With respect to the Ile462Val polymorphism, 134 case–controlled studies were eligible (34466 cases and 44371 controls), comprising 67 studies with Asian populations, 45 studies with Caucasian populations, 3 studies with African populations and 19 studies with mixed populations. 52 studies were conducted on general populations, 52 were hospital based and 3 were mixed. There were 26 lung cancer studies, 25 breast cancer studies, 8 leukemia studies, 9 prostate cancer studies, 12 head and neck cancer studies, 8 colorectal cancer studies, 6 endometrial cancer studies, 3 cervical cancer studies, 4 ovarian cancer studies, 4 gastric cancer studies, 10 esophageal carcinoma studies, 3 hepatocellular cancer studies, 6 oral cancer studies and other cancers were categorized into the “others” group. Among the 134 case-control studies, 42 studies included a sample size≥500. Detailed study characteristics are summarized in Table S4.

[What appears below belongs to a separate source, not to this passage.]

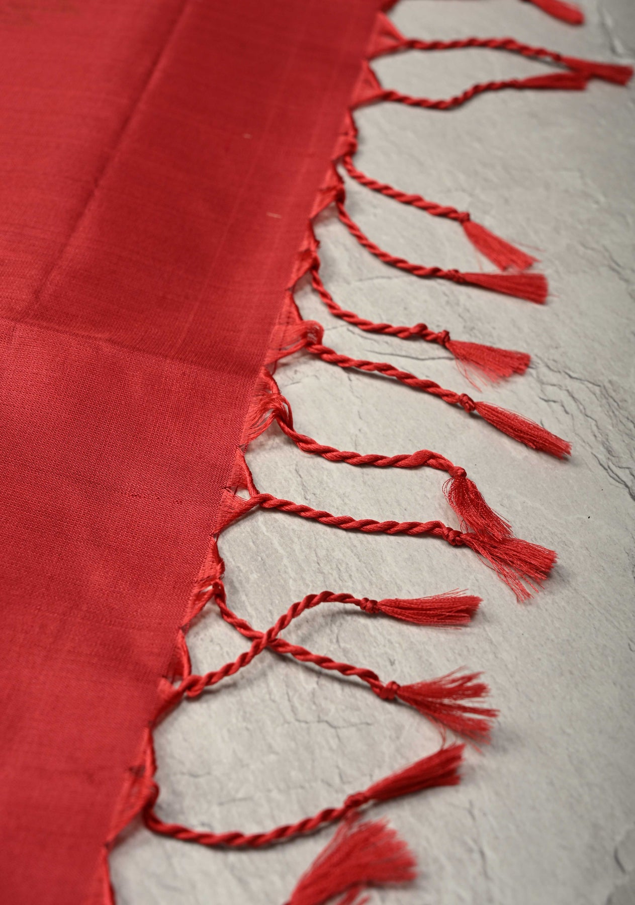 This saree is ready to wear with fall and pico done. Handmade silk tassels as seen in the pic adorn the pallu and add more grace to it. An unstitched blouse fabric is included.

Regarding genotyping methods, PCR–RFLP, TaqMan and allele-specific PCR methods were commonly used. For most studies, cancers were confirmed histologically or pathologically and all controls were chiefly matched for sex and age. In addition, the distribution of genotypes in the controls of all eligible studies was consistent with the Hardy-Weinberg equilibrium (HWE).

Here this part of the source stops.